Paris, 12 January 2017 — A group of MEPs of all political orientations, including Julia Reda, representative of the Pirate Party, calls on citizens to mobilize to prevent the introduction of dangerous measures in European copyright reform. Their campaign “Save the Link!” aims to preserve our ability to share information on the Internet, by preserving the freedom to make hypertext links and preventing widespread automated filtering of contents. La Quadrature du Net calls for support of this campaign to prevent the copyright reform from leading to further incursion on our freedoms.
The analysis of these MEPs aligns with those that La Quadrature du Net published on the draft of the new European directive on copyright proposed by the Comission last September, which will soon be discussed by various comittees of the European Parliament. Two measures in particular raise serious concern among defenders of fundamental freedoms.
The first aims to create a new “ancillary right” for editors to “re-balance” their relationships with actors such as search engines (like Google News) and news aggregators. But this new extension of intellectual property is expressed so widely and vaguely in the draft directive that it will have far-reaching repercussions and will affect our ability to share information on the Internet in our everyday use.
With a duration of 20 years and applicable without exception, this ancillary right might call into question the possibility to quote excerpts from articles or to link to press websites. Hypertext link, already weakened at European level, is the crucial element of the web, guaranteeing information flow.
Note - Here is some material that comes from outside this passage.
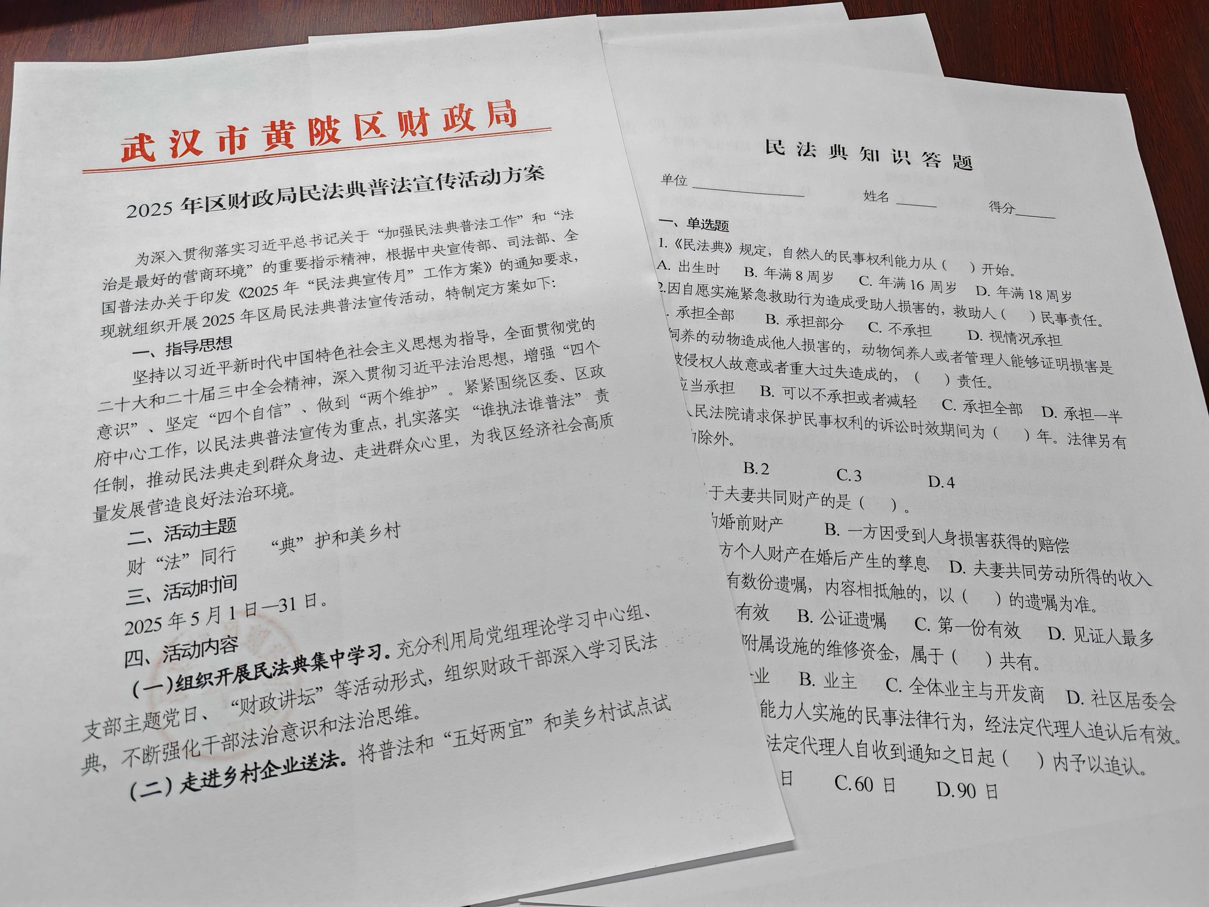 重点部署,“典”燃学法热情。区局党组高度重视,对宣传月活动进行统一部署。紧扣第五个民法典宣传月“民法典进企业”的普法重点,制发了《2025年区财政局民法典普法宣传活动方案》。紧紧围绕楼凤网 委、区政府中心工作,以民法典普法宣传为重点,充分利用局党组理论学习中心组、支部主题党日,组织财政干部深入学习民法典,强化干部法治意识。

The Save The Link! campaign aims to say “no” to this “Link Tax” which dares not say its name, and has already proved its complete ineffectiveness in European countries where it has already been introduced as legislation (Spain, Germany).
The second measure this campaign denounces a general obligation for automated content filtering that the draft directive seeks to impose on platforms. More specifically, the Comission’s text refers to websites whose content is mainly produced by users (like Youtube, DailyMotion, and Flickr, but also Wikipedia and Github). It intends to require deploying devices allowing prior control on content published online by Internet users to ensure that it does not incorporate protected works. The Save The Link! campaign condemns this idea as risking a real “censorship machine”, which aligns with La Quadrature du Net’s analysis. We have long denounced this haste toward Robocopyright already found on platforms such as Youtube, and which cause serious collateral damage. These systems turn intermediaries into “private copyright police” and put users at a disadvantage in defending their freedom of expression and creativity.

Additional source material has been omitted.